Dive Brief:
- Milliman has released its annual report on Medicaid risk-based managed care with an analysis of financial results for 2014. Results show that the number of risk-based Medicaid managed care plans has increased from 150 in 2010 to 182 in 2014. Revenues have doubled to $110 billion within the same frame, due in part to Medicaid expansion.
- Although revenues have doubled, the report found that the medical cost ratio has not changed much—83.5% in 2010 and 86% last year.
- The average reflects a high variability in medical cost ratios, with 111 of the plans showing a profit and 71 posting a loss.
Dive Insight:
Study authors and Milliman actuaries Jeremy Palmer and Christopher Pettit wrote that "Healthcare delivery and premium revenue are believed to vary by geographic location." For example, medical cost ratios for MCOs range from 77.6% in Nevada with UnitedHealthcare and Anthem subsidiaries reporting a profit, to 98.8% in North Dakota where Sanford Health Plan lost money.
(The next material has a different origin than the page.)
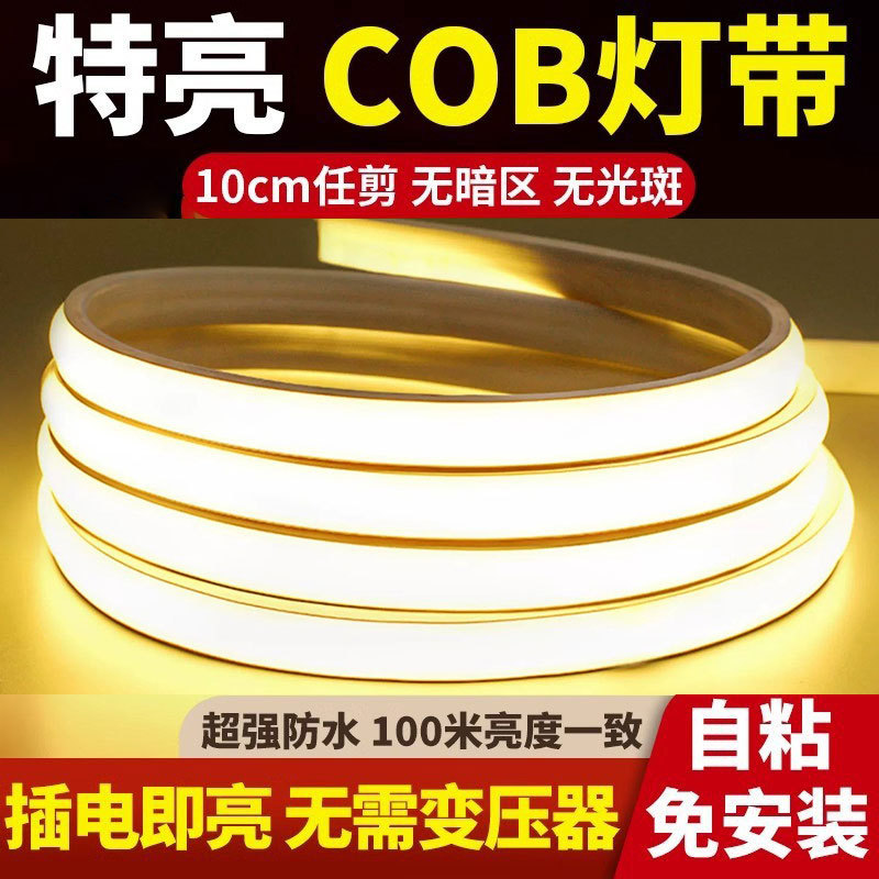 COBライトテープ 自己粘着 超高輝度 線形ライトトラック リビングルーム 天井 220v 防水 シリコン cob 高電圧 屋外ライトテープ

How did provider-sponsored plans fare? The report included 27 provider-sponsored plans, of which 16 reported a profit in 2014. All provider-sponsored plans in Wisconsin except one posted a financial gain. In Pennsylvania, UPMC Health Plan showed a profit, but Geisinger Health Plan reported a loss. Kaiser Permanente Foundation Health Plan had a loss in Maryland and Hawaii.